* **The problem**: Print the records below word for word, but leave out the pictures.
Study material START
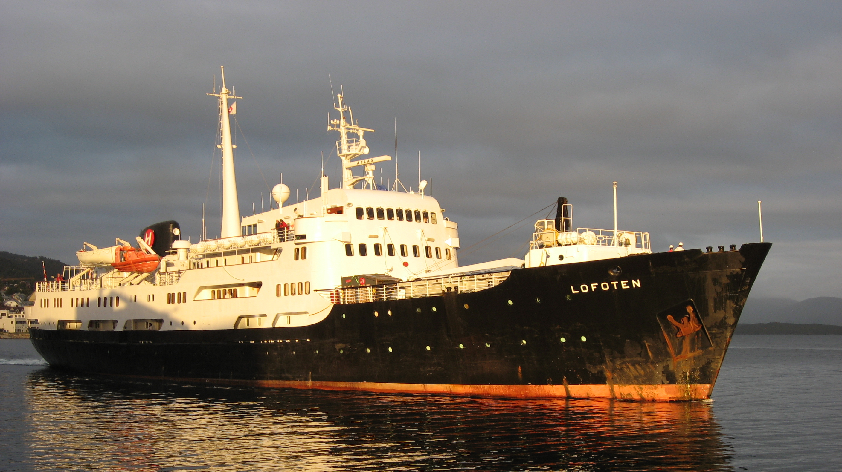 Norwegian coastal express (Hurtigruten) ship MS Lofoten leaves Molde
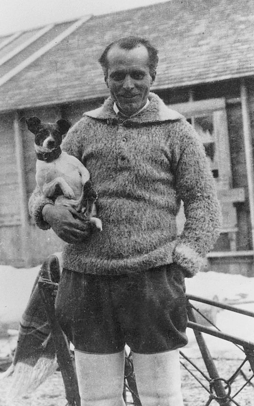 Italian colonel and explorer Umberto Nobile smiling holding a puppy. Arctic, 1926.
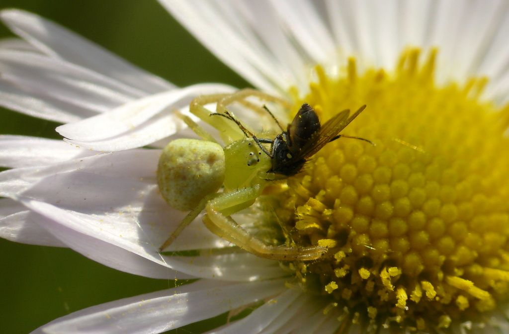 Misumena vatia
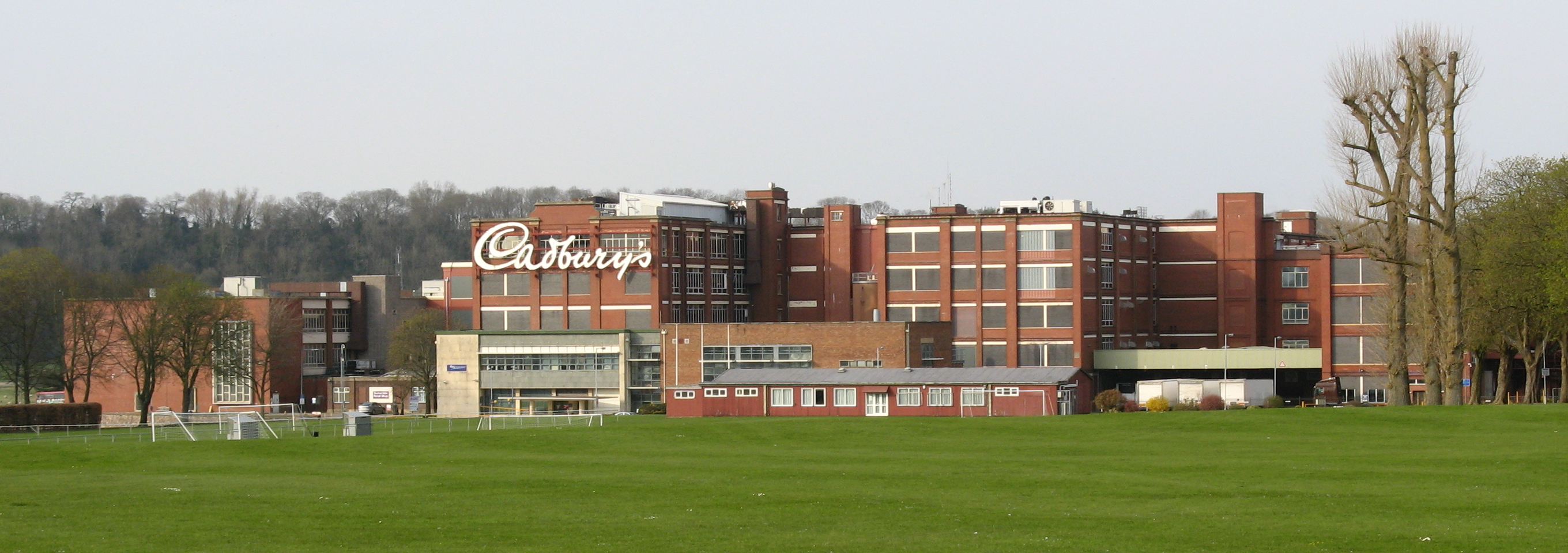 Cadbury's Somerdale Factory, Keynsham, north side from front lawns.
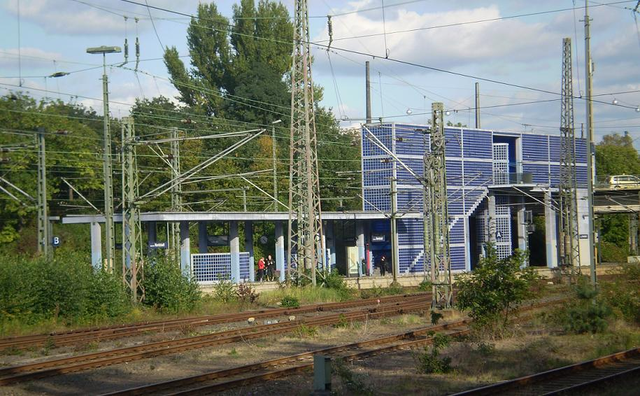 German S-Bahn railway station at Hannover-Nordstadt in Lower Saxony
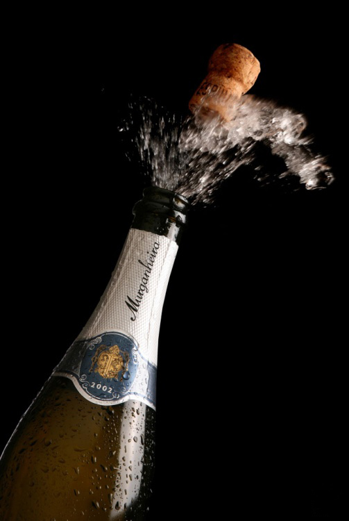 Murganheira Bottle of sparkling wine
Study material END
* **Response area**:
 Norwegian coastal express (Hurtigruten) ship MS Lofoten leaves Molde
 Italian colonel and explorer Umberto Nobile smiling holding a puppy. Arctic, 1926.
 Misumena vatia
 Cadbury's Somerdale Factory, Keynsham, north side from front lawns.
 German S-Bahn railway station at Hannover-Nordstadt in Lower Saxony
 Murganheira Bottle of sparkling wine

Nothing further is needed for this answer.